Studio album by Stevie Salas
- Released: 1990
- Genre: Rock
- Label: Island
- Producer: Bill Laswell, Stevie Salas

Stevie Salas chronology
|  | Stevie Salas Colorcode (1990) | Stuff (1991) |

= Stevie Salas Colorcode =

Stevie Salas Colorcode is the debut album by the Native American guitar player Stevie Salas, released in 1990. Colorcode was the name Salas gave to his band.

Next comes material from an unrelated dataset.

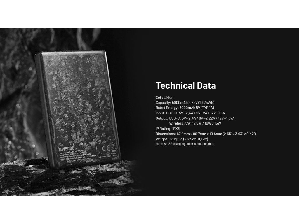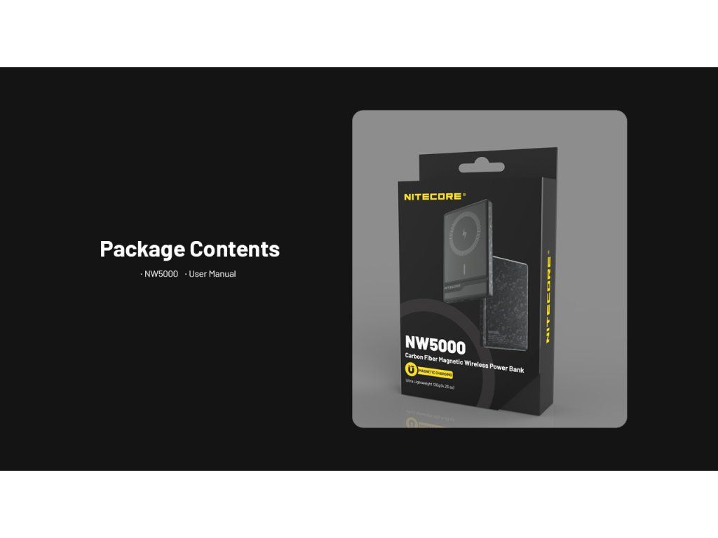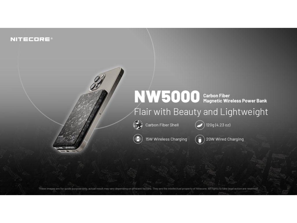 Nitecore NW5000 5000 mAh – Ultra-tenká MagSafe powerbanka z kovaného karbónu 5000 mAh | 15W MagSafe | Karbónové telo | IPX5

Salas supported the album by opening for Joe Satriani on a North American tour. The album was a commercial disappointment in the United States, but sold well in international markets. The album's first single was "The Harder They Come".

==Production==
Recorded in New York, the album was coproduced by Bill Laswell. Colorcode included Winston Watson Jr. on drums and C.J. De Villier on bass. Salas wrote or cowrote all of the album's songs; Parthenon Huxley contributed to some of the lyrics. Salas was at times fretful during the recording sessions, worried because he had quit lucrative sideman jobs.

==Critical reception==

The Globe and Mail thought that Salas "sings with an almost audible sneer, and his guitar playing is white hot." The Province determined that Salas "knows how to lock into a groove and doesn't forsake melody for flash—a Hendrix legacy that other modern guitarists overlook." The Buffalo News appreciated that Salas "never once drops his basic allegiance to the underlying funk groove."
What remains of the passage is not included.